ABSTRACT

In his classic article “The Two Faces of Humanism: Stoicism and Augustinianism in Renaissance Thought,” the historian William Bouwsma postulated a confrontation between two polarities in Western culture and explored the ways in which the tension between them constituted an internal struggle within early modern humanism. Noting that “pure” Stoics or Augustinians are hard to find, he nevertheless suggested that the Dutch humanist Desiderius Erasmus (c.1467-1536) exhibited stronger Stoic tendencies, while the French religious reformer John Calvin (1509-64) found in the Latin church father Augustine of Hippo (354-430) “a model of the open, developing spiritual life, of the mind in movement which [was] perhaps the central feature in Augustine’s significance for the Renaissance” (Bouwsma 1990: 52, 68). Subsequent scholarship has sought to answer Bouwsma’s call for closer study of individual figures and to nuance his image of Stoicism in the era of the Renaissance, which Christoph Strohm has rightly criticized as unspecific (Strohm 1996: 121-2). Jill Kraye has argued that Erasmus’s editorial engagement with Seneca (c.4 BCE to 65 CE) launched a “humanist re-evaluation of Seneca” and in particular his moral philosophy that was advanced by Marc-Antoine Muret (1526-85) and found its culmination in the work of Justus Lipsius (1547-1606) (Kraye 2005: 328). At the same time, Peter Walter has questioned Bouwsma’s placement of Erasmus among the more Stoic-minded in light of Erasmus’s clear rejection of traditional Stoic views of the affections (Walter 2008: 522-3). Judgments concerning Calvin’s relationship to Stoicism have been even more diametrically opposed; some have claimed that he baptized Stoicism, while others contend that he was sharply critical of Stoic philosophy and ethics (see Battles and Hugo 1969: 46*–47*). Two recent and nuanced reassessments that find continuity between certain aspects of Stoic anthropology and Calvin’s mature understanding of human agency and his view of the nature of the emotions are by Paul Helm (2012) and Kyle Fedler (2002).

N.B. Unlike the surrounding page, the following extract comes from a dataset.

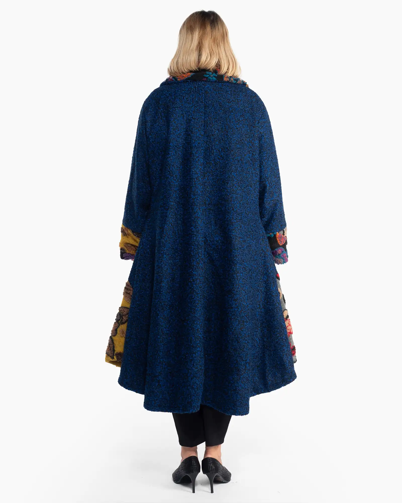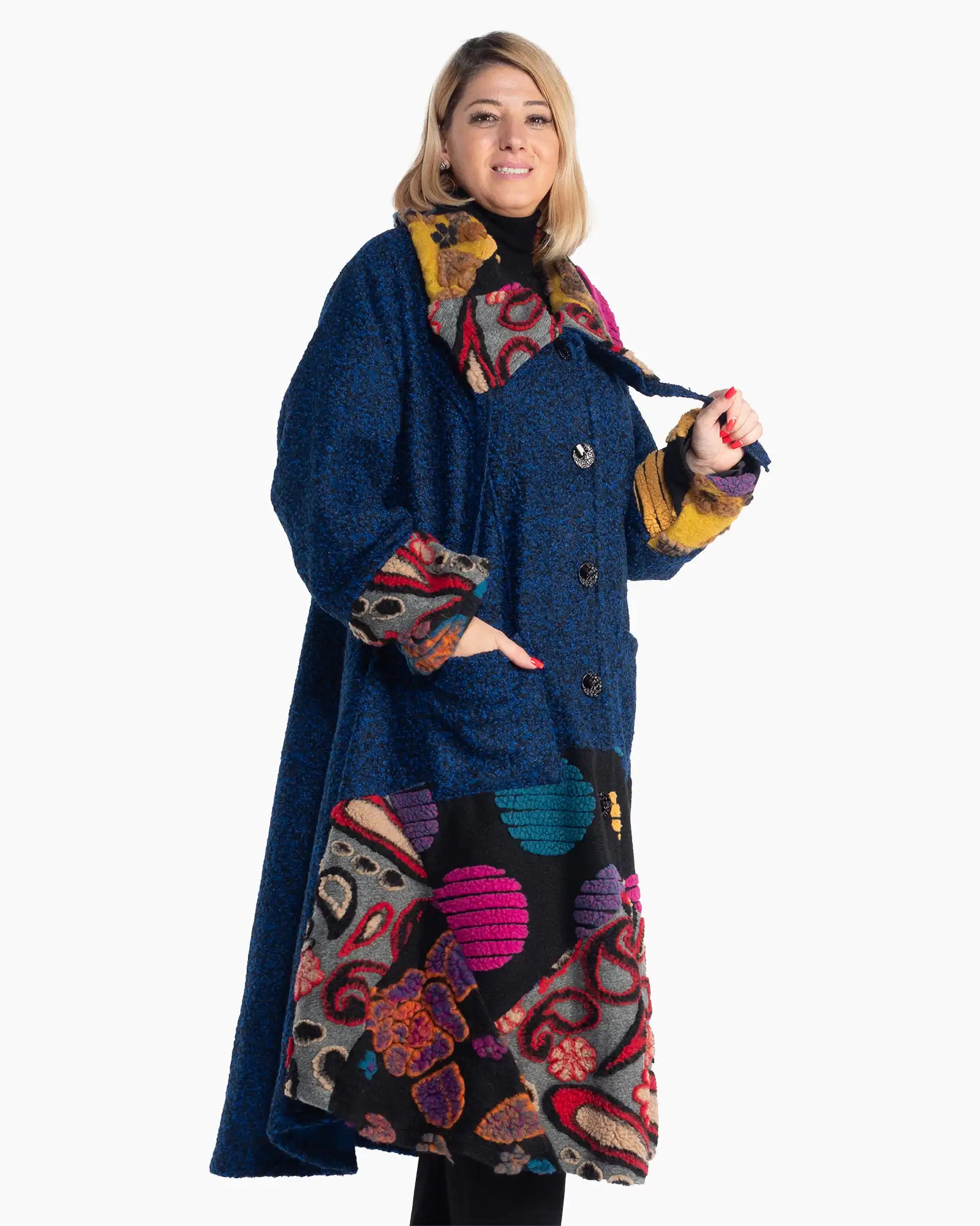 Palton lung boho bleumarin din lână cu imprimeu artistic

There is no doubt that the relationship of both Erasmus and Calvin to the early modern

receptions of Stoicism was extremely complex, highly eclectic, and dependent on the topic in question and the text being investigated. Yet it also seems to me that greater precision is possible in conceptualizing the key roles that these two figures played in shaping the image of

Stoicism in their day. Rather than seek to answer the insoluble question of which of these early sixteenth-century editors of Seneca was more or less Stoic, I explore in what follows two entangled but ultimately divergent paths that point to the related but ultimately distinctive ways that Stoic impulses and themes expressed themselves in their thought. After a brief consideration of the contexts shaping their conceptions of Stoicism, the discussion will examine first the major commonalities and differences in their editorial projects on Seneca. Then the investigation will trace how Erasmus’s and Calvin’s interactions with themes arising out of the Stoic intellectual tradition in their wider body of writings led them to focus on distinct aspects of Stoic teaching. My delineation of their divergent emphases aims to identify the dominant tendencies in the early sixteenth-century engagement with Stoicism and to suggest that Erasmus and Calvin ultimately mediated and presented different elements of the Stoic heritage to their age. Both reflect the culmination of trends in the reception of Stoicism in the Latin West and also provide bridges to the more systematic assessment and retrieval of Stoic thought in Neostoicism in the latter part of the sixteenth century.